We can take a look at an example:

In [68]:
url_path = 'https://www.who.int/hac/crises/ssd/south-sudan-idsr-26march-1apr2018.pdf?ua=1'

query = {
        "query": {
            "match" : {
                "file_type.keyword" : '.pdfua1'
            }
        }
    }            
            
res = es.search(index=index, body=query)['hits']['hits']

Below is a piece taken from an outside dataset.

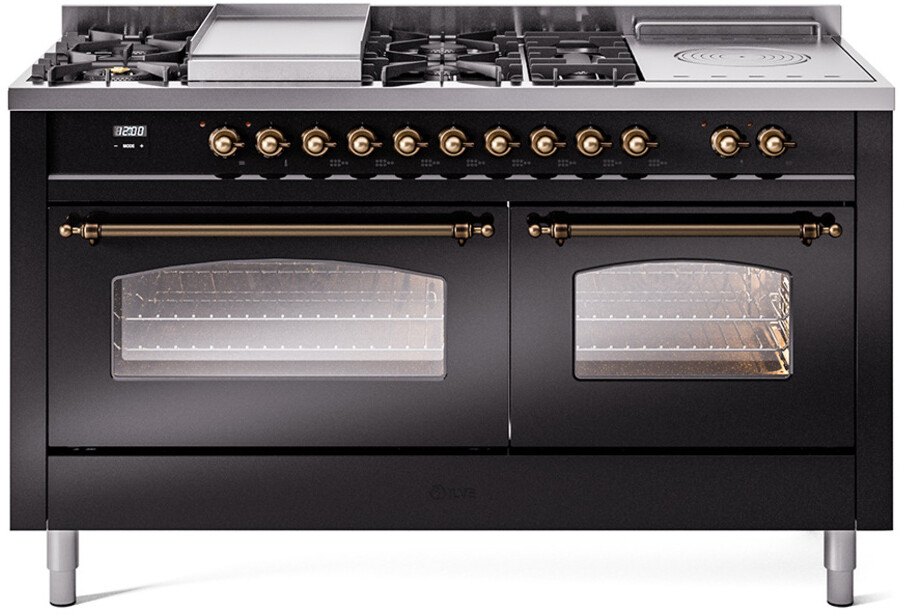 Freestanding Dual Fuel Range with 7 Sealed Burners, 5.8 cu. ft. Total Capacity, Storage Drawer, Griddle, and French Top: Glossy Black, Bronze Trim, Triple Glass Door. Enjoy the flexibility of seven sealed burners, offering a variety of heat settings to meet all your cooking needs. With 5.8 cubic feet of total oven capacity, you can effortlessly prepare large meals and multiple dishes at once. Keep your kitchen essentials organized and within easy reach with the convenient storage drawer. Cook up delicious breakfasts and more on the built-in griddle, perfect for pancakes, eggs, and grilled sandwiches. Achieve exceptional cooking precision with the French top, ideal for simmering and maintaining gentle heat. With power up to 25000 btu as standard. Optimal supply and perfect distribution of the heat, for all types of cooking. With non-stick nanotechnological treatment. The noble technical characteristics of brass are enriched with a nanotechnological coating that assures easy cleaning, with an elegant Total Black finish. Structure in AISI 304 steel with 12/10 thickness, option to choose the ideal combination between a gas hob with up to 9 burners or induction, mixed and in various setups. The indestructible cast iron pan supports provide a functional and safe support for the pots. The electronic control ensures that the temperature of the oven remains constant throughout, without fluctuating, as is the case in conventional ovens. It can be set with precision starting from 85F, for perfect proofing, up to 575F, for roasting. The door hinges are fitted with a shock absorber that makes the closure more gradual and noiseless. The quick oven preheating function allows it to reach the desired temperature in a short time and you can then choose the best-suited cooking mode for the dish. It also works as rapid defrosting when a low temperature is set (85F 105F). The grease does not stick to the surface and can therefore be cleaned more easily. Pizza function. Quick start. Multiple fan cooking. Intensive cooking. Fan grill cooking. Grill cooking with closed-door. Cooking from above. Cooking from below. Static normal cooking. Pizza function. Quick start. Multiple fan cooking. Intensive cooking. Fan grill cooking. Grill cooking with closed-door. Cooking from above. Cooking from below. Static normal cooking. Series: Nostalgie II. Noblesse Frames: No. Fuel Type: Dual Fuel. Gas Type: Natural Gas. Installation Type: Freestanding. Oven Total Capacity (cu. ft.): 5.8. Sabbath Mode: No. Number of Racks: 2. Drawer Type: Storage Drawer. Display Type: LCD Display. Timer: Yes. Cooking Probe: Yes. Rotisserie: Yes. Soft Close Door: Yes. Cooktop Configuration: 7 Sealed Burners + Griddle + French Top. Burner/Element Type: Sealed Burner. Griddle: Yes. Grill: No. Oven Control Type: Knobs. Oven Door Type: Triple Glass Door. Number of Ovens: Double Oven. Main Oven Capacity (cu. ft.): 3.5. Second Oven Capacity (cu. ft.): 2.3. Oven Cleaning Type: Easy Clean Enamel Cavities. Main Oven Type: UOV 80 M. Second Oven Type: UOV 60 M. ADA Compliant: No. Star-K Certified: No. Voltage: 240 V. Amps: 30 A. Exterior Width: 60". Width: 59 1/2". Depth: 27". Height: 36 1/4" - 38 1/2".

Note that `extracted_text` is empty here, since no extraction was performed:

In [70]:
res[0]

{'_index': 'wm-dev',
 '_type': 'wm-document',
 '_id': 'e8716caf92dfcaacf0d979e402d6767804e9de9685dd0c3b46323c09d2c7b14a',
 '_score': 2.9306998,
 '_source': {'stored_url': 'https://world-modelers.s3.amazonaws.com/documents/migration/tmp/DEV/southsudanidsrannex8October2017.pdfua1',
  'file_name': 'southsudanidsrannex8October2017.pdfua1',
  'file_type': '.pdfua1',
  'category': 'November 2019 SSudan Docs',
  'extracted_text': {},
  'source_url': 'https://www.who.int/hac/crises/ssd/south-sudan-idsr-annex-8October2017.pdf?ua=1'}}

We can extract a better `file_type` with a regex:

In [71]:
source_url = res[0]['_source']['source_url']

In [72]:
import re

pattern = re.compile(r".*(\.pdf|\.html|\.docx|\.doc|\.ppt|\.pptx).*")
result = pattern.match(source_url)
result.group(1)

'.pdf'

However, this doesn't explain all the failed extractions. We can check the types of extractions and their counts:

In [73]:
query = {
    "query": {
        "exists": {
            "field": "extracted_text.bs4"
        }
    }
}

bs4_count = es.count(index=index, body=query)['count']

query = {
    "query": {
        "exists": {
            "field": "extracted_text.tika"
        }
    }
}

tika_count = es.count(index=index, body=query)['count']

query = {
    "query": {
        "exists": {
            "field": "extracted_text.pypdf2"
        }
    }
}

pypdf2_count = es.count(index=index, body=query)['count']

In [81]:
print("We extracted the following counts per extractor\n"\
      f"BS4: {bs4_count}\n"\
      f"Tika: {tika_count}\n"\
      f"PyPDF2: {pypdf2_count}"\
     )

We extracted the following counts per extractor
BS4: 56
Tika: 971
PyPDF2: 955


If there were 124 `.html` files what happened? We can check for documents with the `.html` `file_type` but that are missing `bs4` extractions:

In [99]:
query = {
    "query": {
        "query_string" : {
            "query" : "(file_type: .html) AND (NOT _exists_:extracted_text.bs4)"
        }
    }
}

res = es.search(index=index, body=query)['hits']['hits']

In [101]:
res[0]

{'_index': 'wm-dev',
 '_type': 'wm-document',
 '_id': 'e4cec19518356b6f5c107c192a779f1205622fef2d4315cf08caf25dc5552090',
 '_score': 3.8596,
 '_source': {'stored_url': 'https://world-modelers.s3.amazonaws.com/documents/migration/tmp/DEV/52304.html',
  'file_name': '52304.html',
  'file_type': '.html',
  'category': 'November 2019 SSudan Docs',
  'extracted_text': {},
  'source_url': 'https://data2.unhcr.org/en/documents/download/52304'}}

Note if we actually take a look at the `source_url` we will see that it is really a **`PDF`**, _not_ an **`HTML`** file!

In [102]:
url_path = res[0]['_source']['source_url']

In [103]:
# Download file
doc_name = 'South Sudan Situation Regional Situation'
r = requests.get(url_path, verify=False, stream=True, allow_redirects=True)
r.raw.decode_content = True
filename = f"{slugify(get_filename(r.headers.get('content-disposition'), url_path, doc_name))}"
open(filename, 'wb').write(r.content)



411942

Using Python's (magic library)[https://github.com/ahupp/python-magic] we can deal with this. 

```
pip install python-magic-bin==0.4.14
```

Note that even though the filename has `.html` it still correctly detects it as a PDF.:

In [116]:
filename

'52304.html'

In [118]:
import magic
mime = magic.Magic(mime=True)
mime.from_file(filename)

'application/pdf'

This appears to be a pretty common problem for documents from `November 2019 SSudan Docs` tab of the spreadsheet.